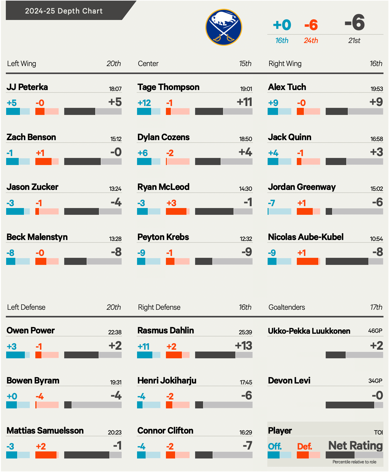 Some of the offensive weaknesses are due to the bottom-six choices made in the offseason. The fourth line could be a black hole between Beck Malenstyn, Peyton Krebs and Aube-Kubel (or Sam Lafferty) — and there isn’t a single player in the positives on the third line either. That’s true for a lot of teams, sure, but could be particularly troubling for Buffalo whose Offensive Rating from the bottom six comes out to minus-35 — 26th in the league.
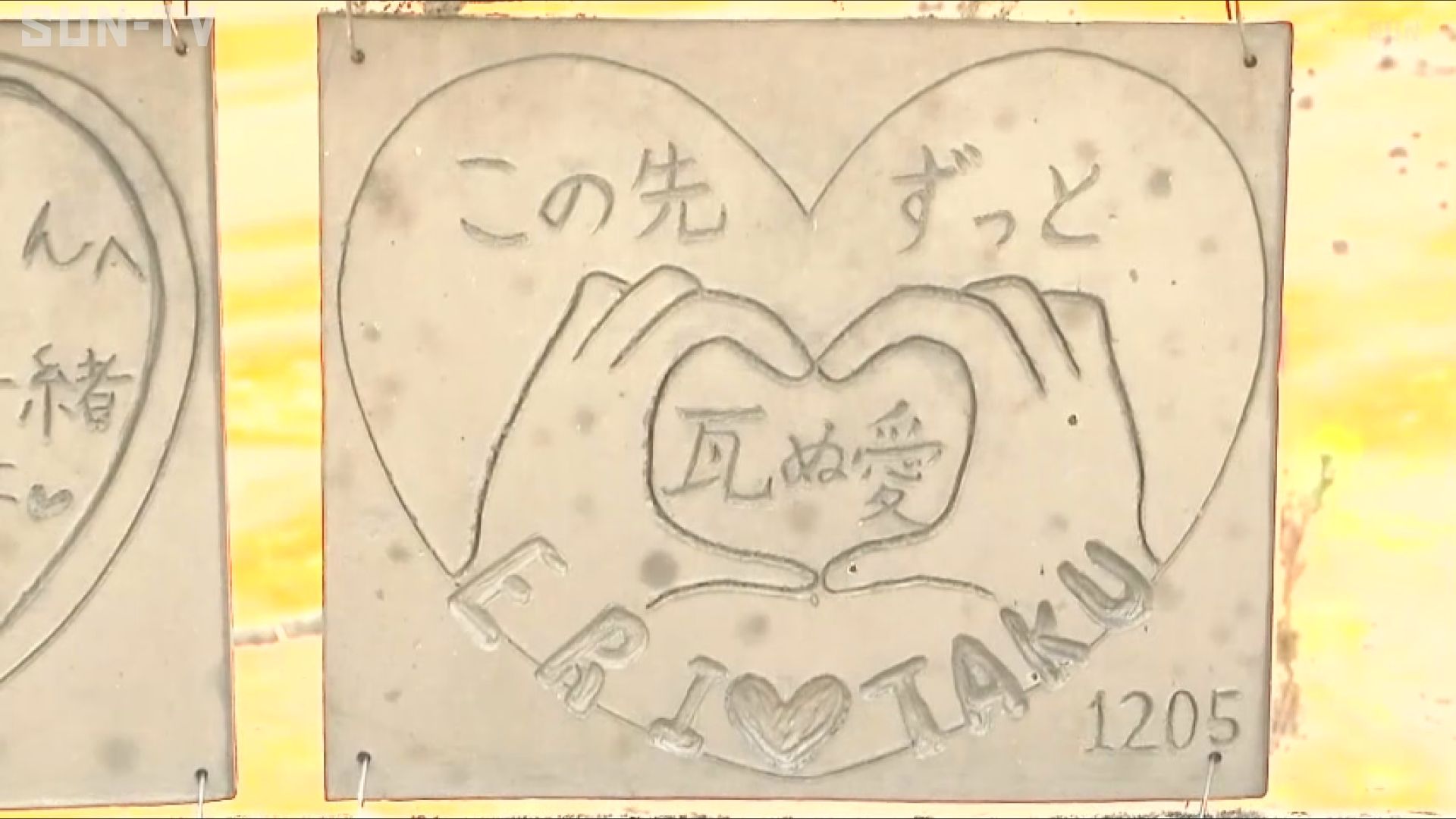 兵庫県南あわじ市で特産の「いぶし瓦」に愛の言葉を刻んだ「プロポーズ瓦」のコンテストが2月13日に開かれました。
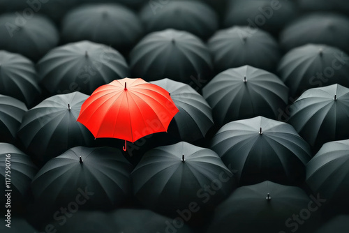 A Single Red Umbrella - A vibrant red umbrella stands out amongst a sea of black umbrellas, symbolizing individuality, uniqueness, courage, defiance, and standing out from the crowd.
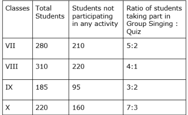 The data of the total students in a class along with the data of those who do not take part in any activities is given. There are only two activities in the class and the ratio of students taking part in these 2 activities is also given below.
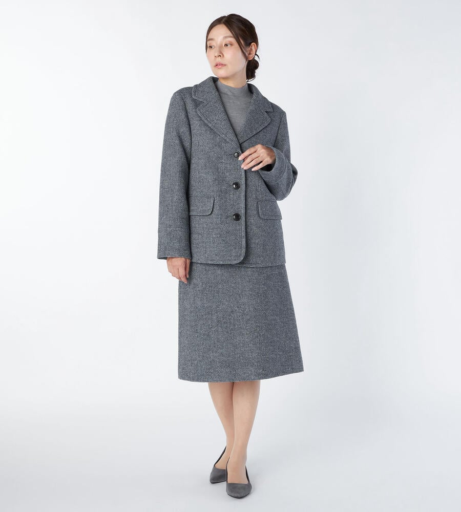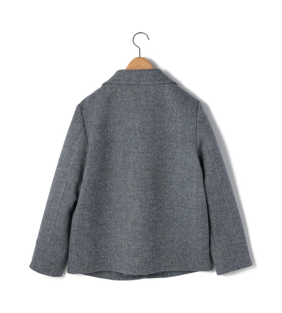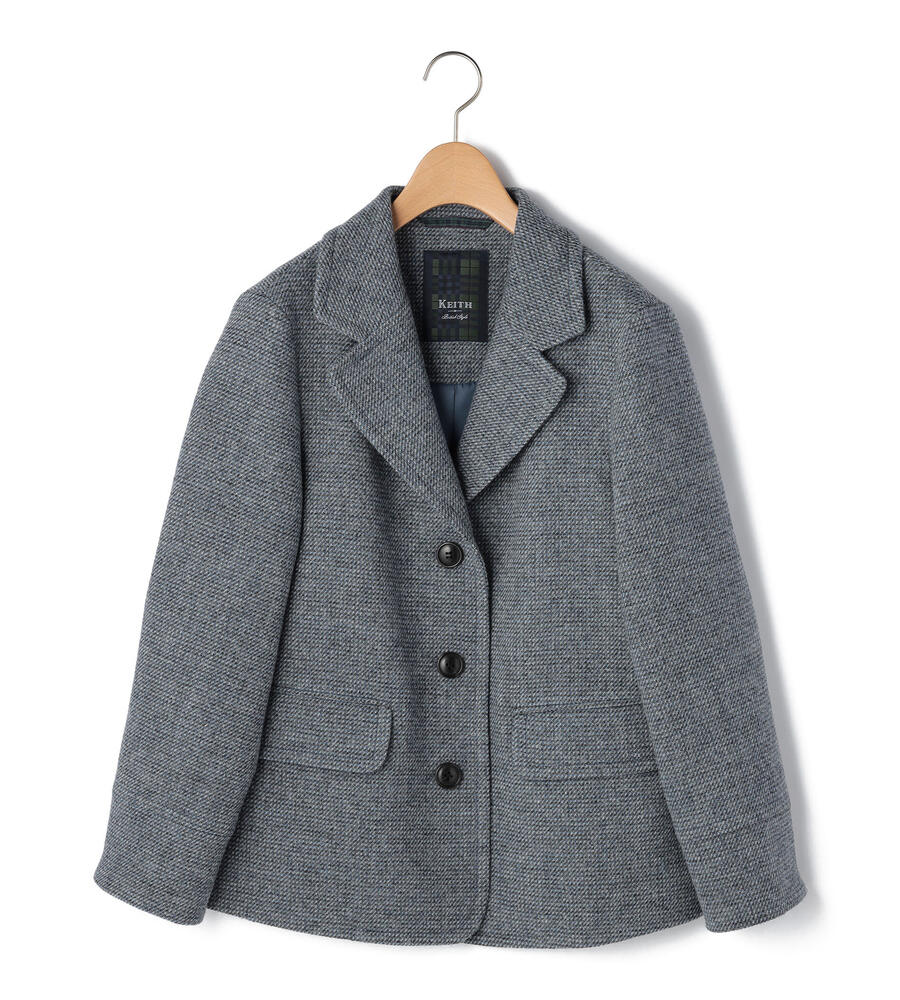 ブリティッシュウールを使用した、正統派の風格溢れるツイード素材のジャケット。ピーコートを思わせる広いラペルで、ジェントルな印象を備えた1点です。しっかりとした地厚の生地は、冬のアウターとして十分な暖かさ。同素材のスカートを合わせたセットアップスタイルもお楽しみいただけます。
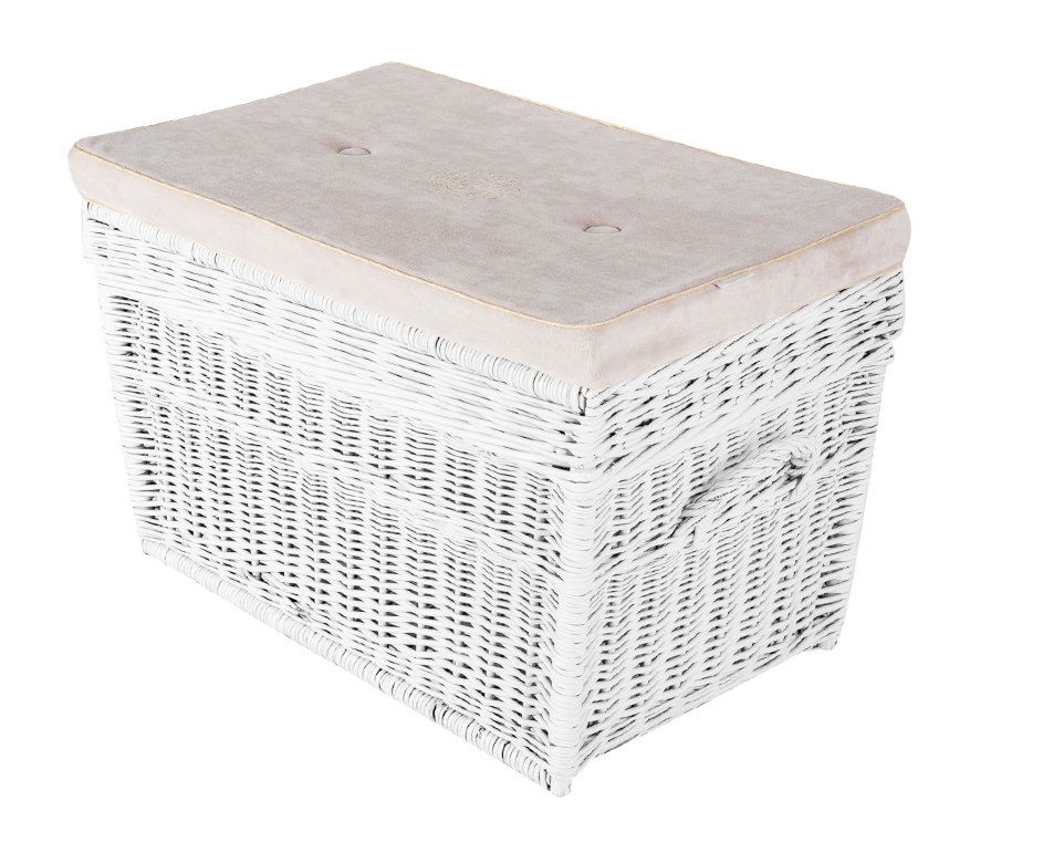 A decorative pillow will change your wicker trunk into a comfortable place to sit or to play. It is made of high quality beige velour fabric and decorated with an elegant golden emblem.
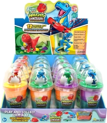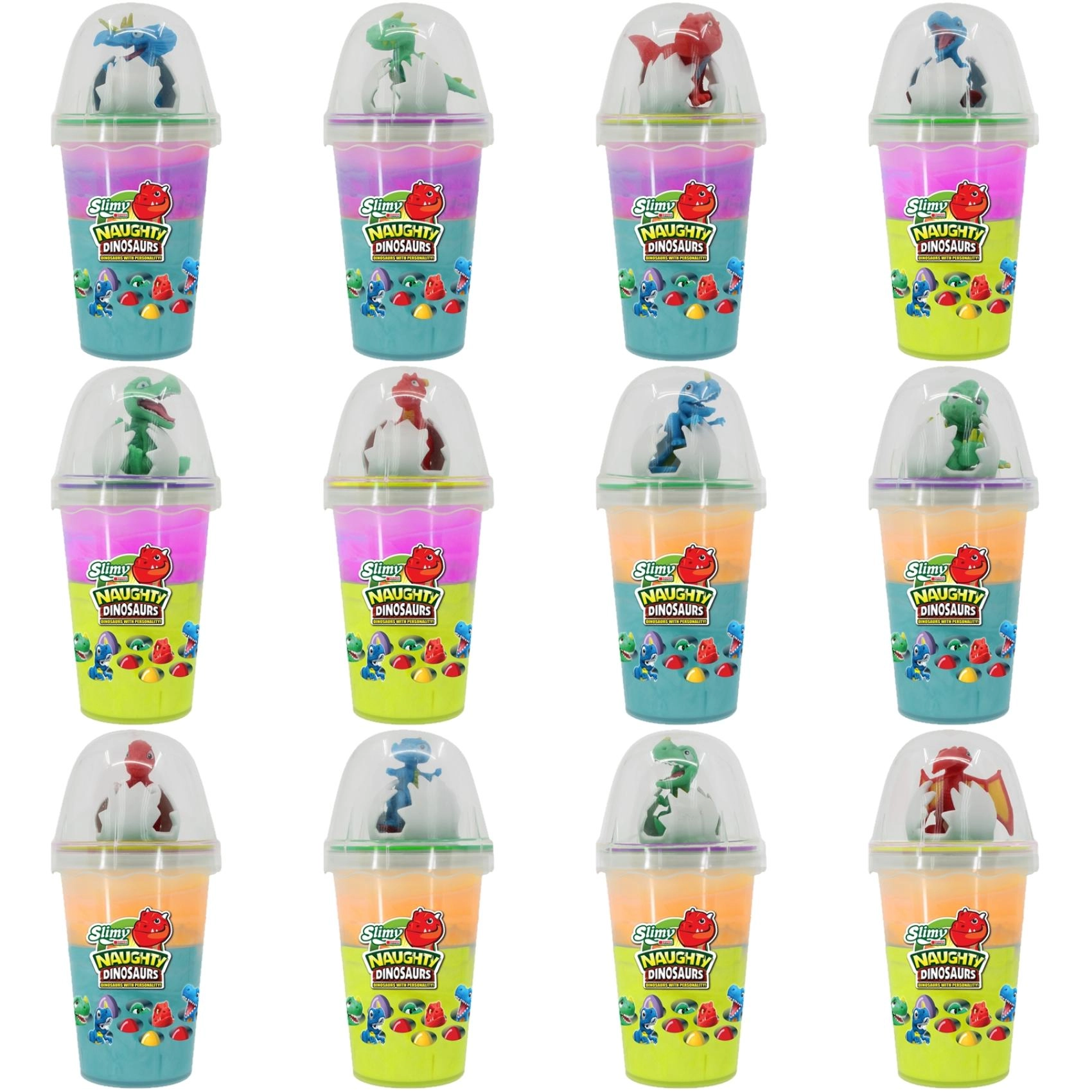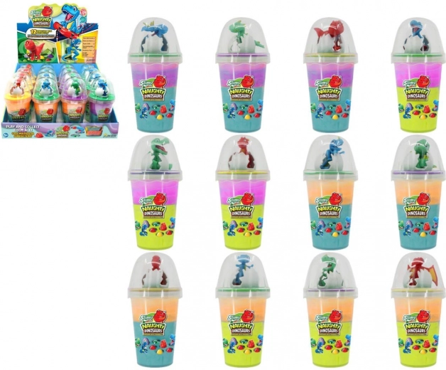 Descubre distintos colores de slime y figuritas de dinosaurios. La colección ofrece 12 diseños atractivos para disfrutar coleccionando.
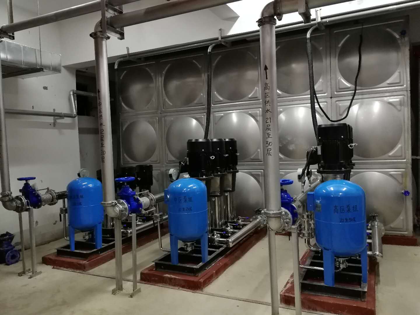 甕安縣公安局新建看守所采用兩用一備恒壓設(shè)備帶水箱,設(shè)備流量設(shè)計(jì)為每小時(shí)四十立方,揚(yáng)程五十八米,足夠七八百人每天的常用水量。由于地處比較偏遠(yuǎn)地區(qū),考慮到水壓不夠穩(wěn)定的情況,設(shè)計(jì)了長(zhǎng)6米,寬5米,高3米的304不銹鋼水箱,以作為水源補(bǔ)充。
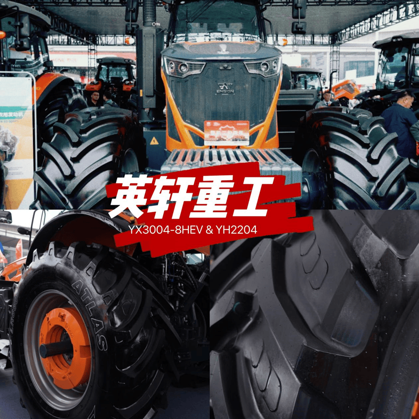 英轩重工:YX3004-8HEV和全新升级YH2204两款机型,搭载阿特拉斯农业子午胎大师系列新花纹产品。
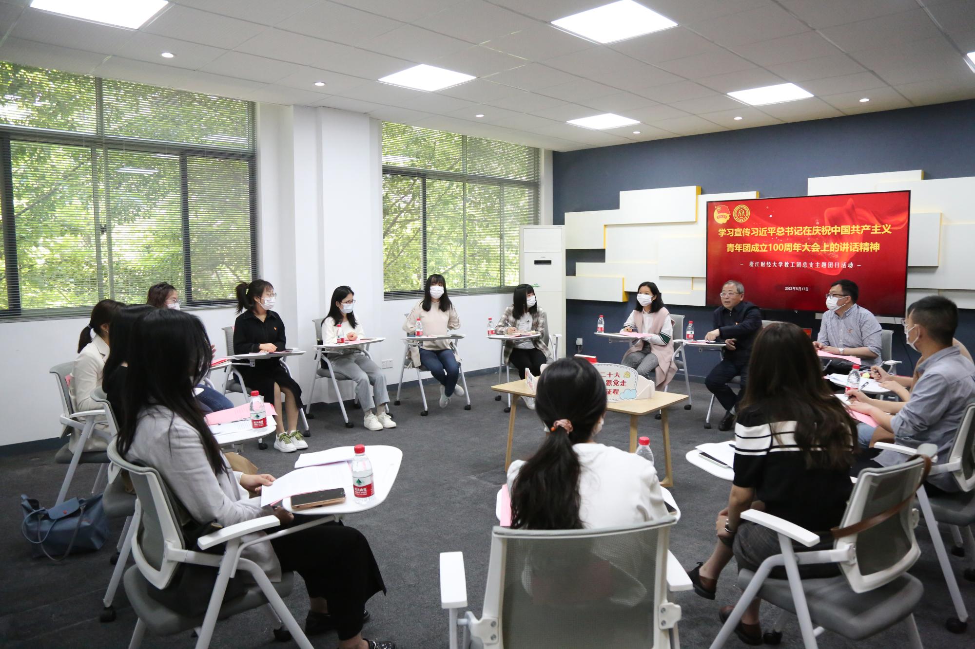 校领导班子成员黄建新、余建森、申屠莉、楼胆群分别参加生活园区团小组、风华学校青马班团支部、东方学院军事训练教导队、国旗护卫队临时团支部、管制经济学研究生班主题团日活动,勉励青年师生树立远大理想,积极投身浙江高质量发展建设共同富裕示范区的火热实践,以饱满的精神、务实的作风、优异的成绩迎接党的二十大胜利召开。
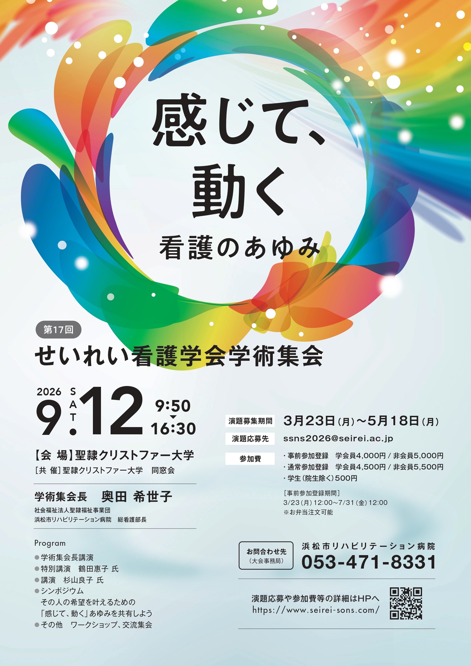 私たちは今、DX(デジタルトランスフォーメーション)をはじめ、医療技術の革新、社会構造の変化、人々の価値観の多様化など、劇的な変化の真っ只中にいます。このような中で、看護の役割も進化していくことが不可欠です。 本学術集会では、看護を必要とする人々のために「感じて・動く」看護のあゆみを共有します。最新の技術を取り入れながらも、手と心で触れるケアの温かさを大切にする未来の看護について考え、学びを深め、交流ができる学会となることを願っております。多くの方のご参加を、心よりお待ちしております。

## EXERCISE
Repeat the listing exactly, minus its pictures.

## SOLVED EXERCISE
 Some of the offensive weaknesses are due to the bottom-six choices made in the offseason. The fourth line could be a black hole between Beck Malenstyn, Peyton Krebs and Aube-Kubel (or Sam Lafferty) — and there isn’t a single player in the positives on the third line either. That’s true for a lot of teams, sure, but could be particularly troubling for Buffalo whose Offensive Rating from the bottom six comes out to minus-35 — 26th in the league.
 兵庫県南あわじ市で特産の「いぶし瓦」に愛の言葉を刻んだ「プロポーズ瓦」のコンテストが2月13日に開かれました。
 A Single Red Umbrella - A vibrant red umbrella stands out amongst a sea of black umbrellas, symbolizing individuality, uniqueness, courage, defiance, and standing out from the crowd.
 The data of the total students in a class along with the data of those who do not take part in any activities is given. There are only two activities in the class and the ratio of students taking part in these 2 activities is also given below.
 ブリティッシュウールを使用した、正統派の風格溢れるツイード素材のジャケット。ピーコートを思わせる広いラペルで、ジェントルな印象を備えた1点です。しっかりとした地厚の生地は、冬のアウターとして十分な暖かさ。同素材のスカートを合わせたセットアップスタイルもお楽しみいただけます。
 A decorative pillow will change your wicker trunk into a comfortable place to sit or to play. It is made of high quality beige velour fabric and decorated with an elegant golden emblem.
 Descubre distintos colores de slime y figuritas de dinosaurios. La colección ofrece 12 diseños atractivos para disfrutar coleccionando.
 甕安縣公安局新建看守所采用兩用一備恒壓設(shè)備帶水箱,設(shè)備流量設(shè)計(jì)為每小時(shí)四十立方,揚(yáng)程五十八米,足夠七八百人每天的常用水量。由于地處比較偏遠(yuǎn)地區(qū),考慮到水壓不夠穩(wěn)定的情況,設(shè)計(jì)了長(zhǎng)6米,寬5米,高3米的304不銹鋼水箱,以作為水源補(bǔ)充。
 英轩重工:YX3004-8HEV和全新升级YH2204两款机型,搭载阿特拉斯农业子午胎大师系列新花纹产品。
 校领导班子成员黄建新、余建森、申屠莉、楼胆群分别参加生活园区团小组、风华学校青马班团支部、东方学院军事训练教导队、国旗护卫队临时团支部、管制经济学研究生班主题团日活动,勉励青年师生树立远大理想,积极投身浙江高质量发展建设共同富裕示范区的火热实践,以饱满的精神、务实的作风、优异的成绩迎接党的二十大胜利召开。
 私たちは今、DX(デジタルトランスフォーメーション)をはじめ、医療技術の革新、社会構造の変化、人々の価値観の多様化など、劇的な変化の真っ只中にいます。このような中で、看護の役割も進化していくことが不可欠です。 本学術集会では、看護を必要とする人々のために「感じて・動く」看護のあゆみを共有します。最新の技術を取り入れながらも、手と心で触れるケアの温かさを大切にする未来の看護について考え、学びを深め、交流ができる学会となることを願っております。多くの方のご参加を、心よりお待ちしております。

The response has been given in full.